§ WHAT IS REQUIRED: From the material below, copy exactly the lines beginning with the one that contains "建築確認番号 | TKK確済25-183号他、他 |" and ending with the one that contains "DESSEN - جراب"; the pictures stay out.

§ DATA:
########
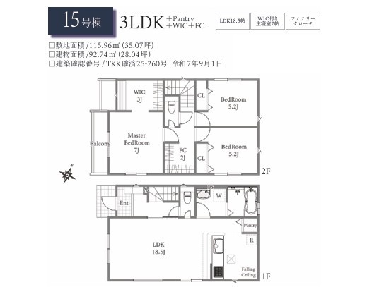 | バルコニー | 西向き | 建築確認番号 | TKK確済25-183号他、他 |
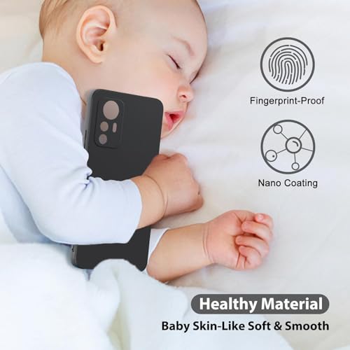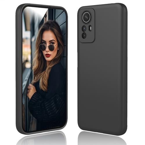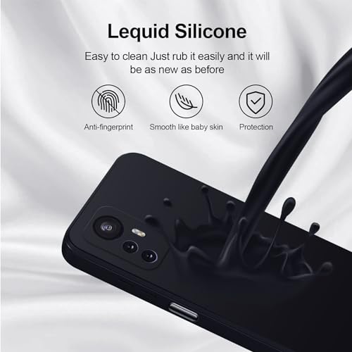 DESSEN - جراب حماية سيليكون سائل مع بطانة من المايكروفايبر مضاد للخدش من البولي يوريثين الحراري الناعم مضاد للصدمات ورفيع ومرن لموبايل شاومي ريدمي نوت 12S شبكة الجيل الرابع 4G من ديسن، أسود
########
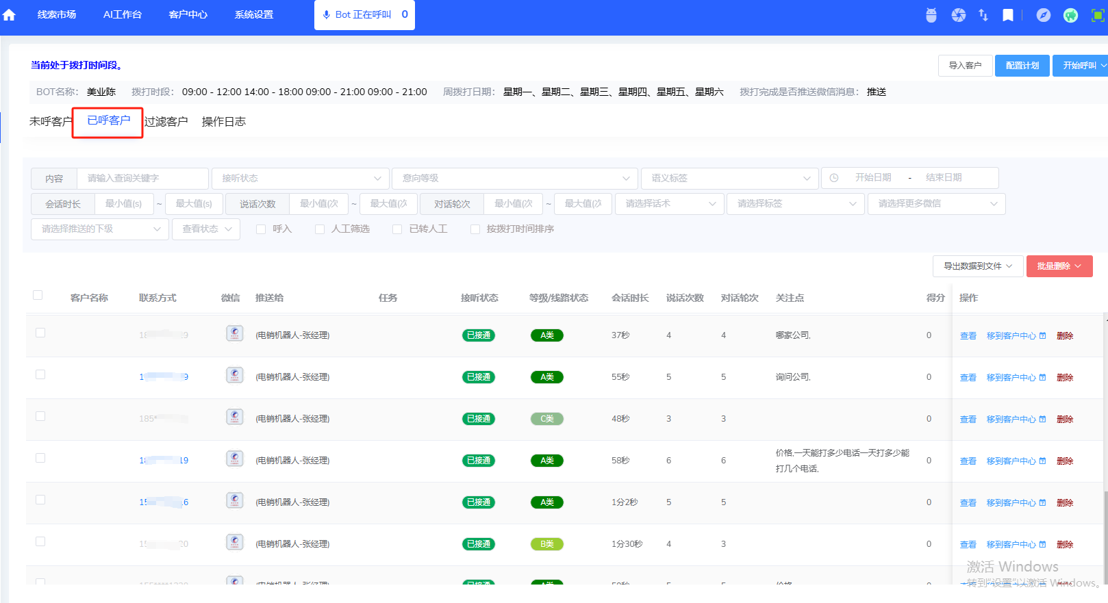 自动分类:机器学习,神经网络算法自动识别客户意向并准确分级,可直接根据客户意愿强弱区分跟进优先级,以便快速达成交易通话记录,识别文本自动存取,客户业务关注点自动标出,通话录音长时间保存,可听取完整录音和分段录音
########
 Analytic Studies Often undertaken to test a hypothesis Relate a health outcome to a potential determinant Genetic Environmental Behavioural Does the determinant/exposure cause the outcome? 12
########
§ REPLY TO THE TASK:
 | バルコニー | 西向き | 建築確認番号 | TKK確済25-183号他、他 |
 DESSEN - جراب حماية سيليكون سائل مع بطانة من المايكروفايبر مضاد للخدش من البولي يوريثين الحراري الناعم مضاد للصدمات ورفيع ومرن لموبايل شاومي ريدمي نوت 12S شبكة الجيل الرابع 4G من ديسن، أسود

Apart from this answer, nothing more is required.